__Exercise__. Return only what runs from the line containing "image: Keisha Harrison, a" through the last line of the entries below, exactly, omitting pictures.

(Recorded data)
★ ★ ★ ★ ★ ★ ★

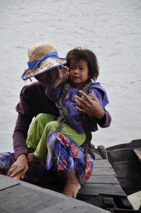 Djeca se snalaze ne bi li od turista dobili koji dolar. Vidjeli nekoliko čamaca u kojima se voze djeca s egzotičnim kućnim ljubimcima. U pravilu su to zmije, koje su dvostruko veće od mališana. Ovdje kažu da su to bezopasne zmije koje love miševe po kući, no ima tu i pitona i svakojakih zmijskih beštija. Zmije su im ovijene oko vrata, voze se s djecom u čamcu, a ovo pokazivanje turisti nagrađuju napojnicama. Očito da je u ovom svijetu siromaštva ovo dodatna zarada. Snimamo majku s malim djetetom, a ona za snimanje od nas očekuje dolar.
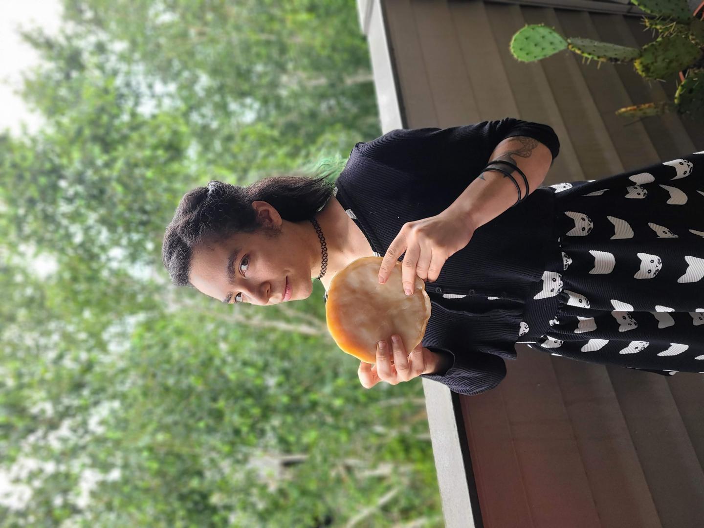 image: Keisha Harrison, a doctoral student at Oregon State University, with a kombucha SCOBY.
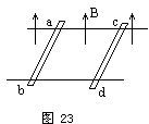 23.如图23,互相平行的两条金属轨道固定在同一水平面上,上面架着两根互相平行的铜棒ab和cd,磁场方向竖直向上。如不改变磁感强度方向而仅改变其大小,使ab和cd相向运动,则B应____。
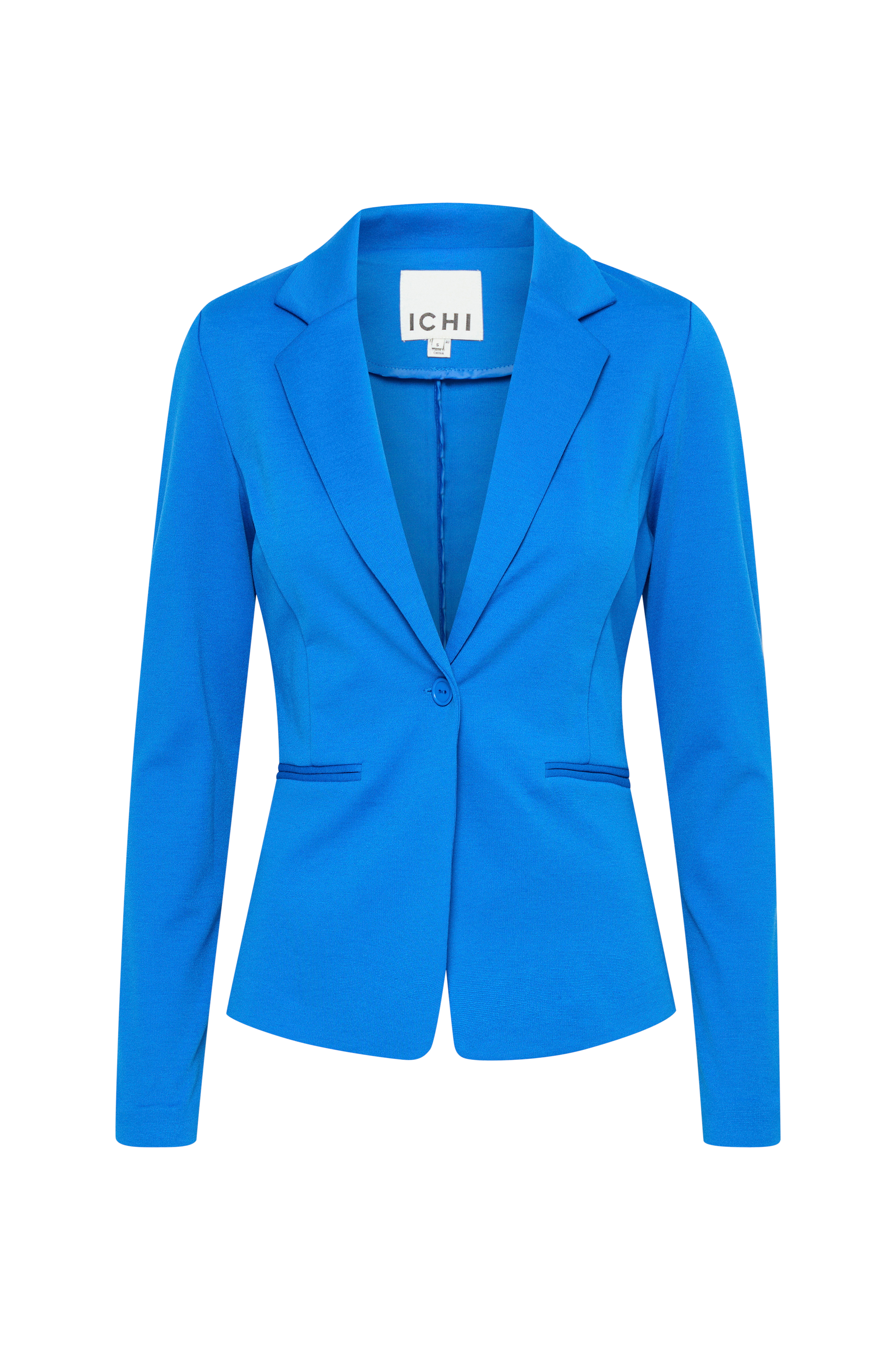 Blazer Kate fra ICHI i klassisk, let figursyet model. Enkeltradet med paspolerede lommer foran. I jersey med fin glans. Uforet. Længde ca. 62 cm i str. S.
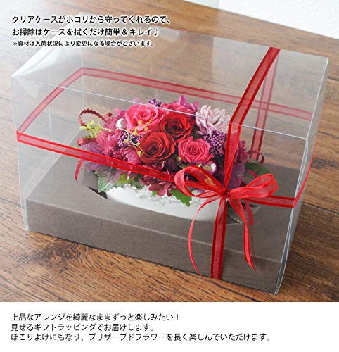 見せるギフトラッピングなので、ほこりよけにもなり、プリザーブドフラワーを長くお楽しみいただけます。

★ ★ ★ ★ ★ ★ ★

__Final answer__.
 image: Keisha Harrison, a doctoral student at Oregon State University, with a kombucha SCOBY.
 23.如图23,互相平行的两条金属轨道固定在同一水平面上,上面架着两根互相平行的铜棒ab和cd,磁场方向竖直向上。如不改变磁感强度方向而仅改变其大小,使ab和cd相向运动,则B应____。
 Blazer Kate fra ICHI i klassisk, let figursyet model. Enkeltradet med paspolerede lommer foran. I jersey med fin glans. Uforet. Længde ca. 62 cm i str. S.
 見せるギフトラッピングなので、ほこりよけにもなり、プリザーブドフラワーを長くお楽しみいただけます。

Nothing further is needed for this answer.